• [What you are asked to do]: Images aside, the whole listing should be written out word for word.

• [Stored data]:
━━━━━━
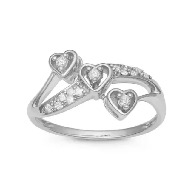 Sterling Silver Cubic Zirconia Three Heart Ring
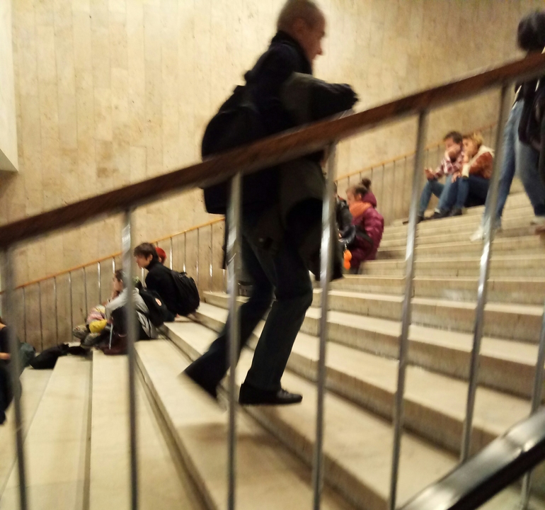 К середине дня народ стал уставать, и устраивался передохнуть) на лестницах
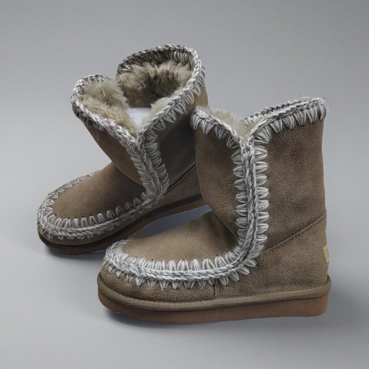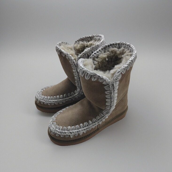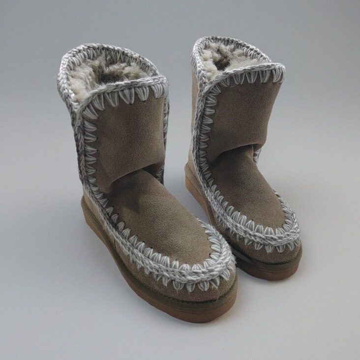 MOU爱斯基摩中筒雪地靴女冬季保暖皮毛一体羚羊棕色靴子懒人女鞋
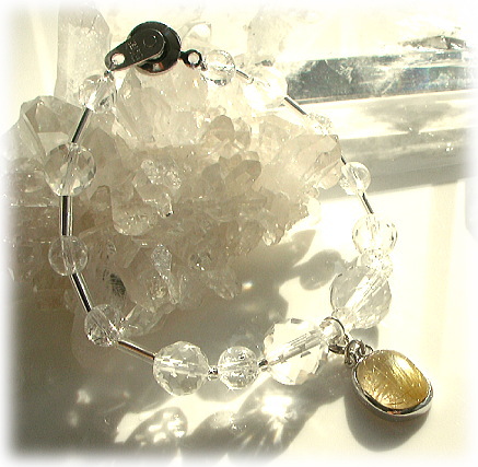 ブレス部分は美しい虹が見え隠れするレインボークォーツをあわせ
━━━━━━
• [Solution to the exercise]:
 Sterling Silver Cubic Zirconia Three Heart Ring
 К середине дня народ стал уставать, и устраивался передохнуть) на лестницах
 MOU爱斯基摩中筒雪地靴女冬季保暖皮毛一体羚羊棕色靴子懒人女鞋
 ブレス部分は美しい虹が見え隠れするレインボークォーツをあわせ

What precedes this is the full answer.